**AVAILABLE DATA:**
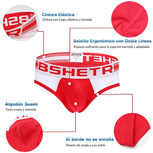 BSHETR Calzoncillos Slip de Algodón Transpirable Ropa Interior para Hombre Elástica (R688, M)
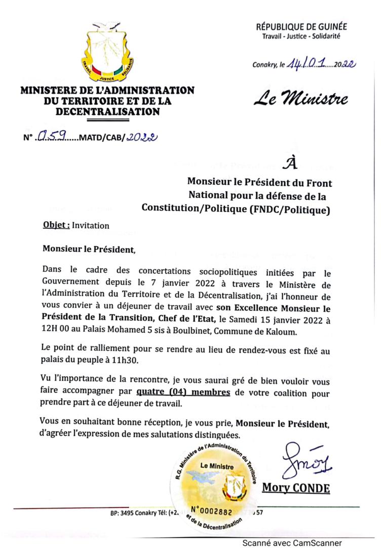 Les nombreuses coalitions politiques dont la CORED, l’ANAD et le FNDC politique ont toutes reçu leurs invitations signées du ministre de l’Administration du territoire et de la décentralisation Mory Condé.
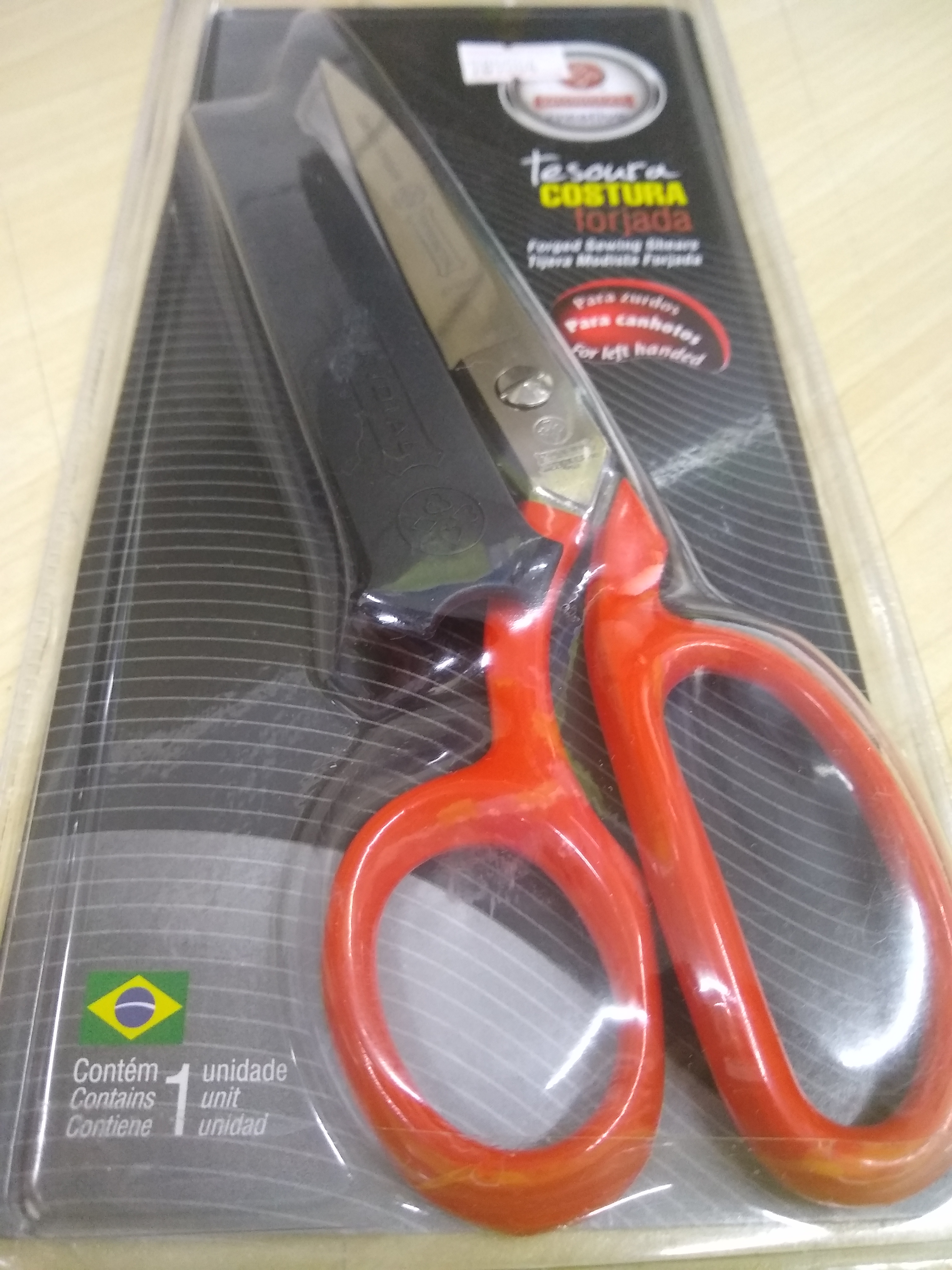 Tesoura para costura profissional, cabo anatômico, esmaltado, com aro alongado. Lâmina Serra Sharp (de um lado fio navalha e de outro lâmina microsserrilhada, que não deixa o tecido fugir), para cortes de precisão em grandes partes de tecido, inclusive os de alta resistência.

**WORK ITEM:** The full material above must be output verbatim, minus any pictures.

**EXERCISE ANSWER:**
 BSHETR Calzoncillos Slip de Algodón Transpirable Ropa Interior para Hombre Elástica (R688, M)
 Les nombreuses coalitions politiques dont la CORED, l’ANAD et le FNDC politique ont toutes reçu leurs invitations signées du ministre de l’Administration du territoire et de la décentralisation Mory Condé.
 Tesoura para costura profissional, cabo anatômico, esmaltado, com aro alongado. Lâmina Serra Sharp (de um lado fio navalha e de outro lâmina microsserrilhada, que não deixa o tecido fugir), para cortes de precisão em grandes partes de tecido, inclusive os de alta resistência.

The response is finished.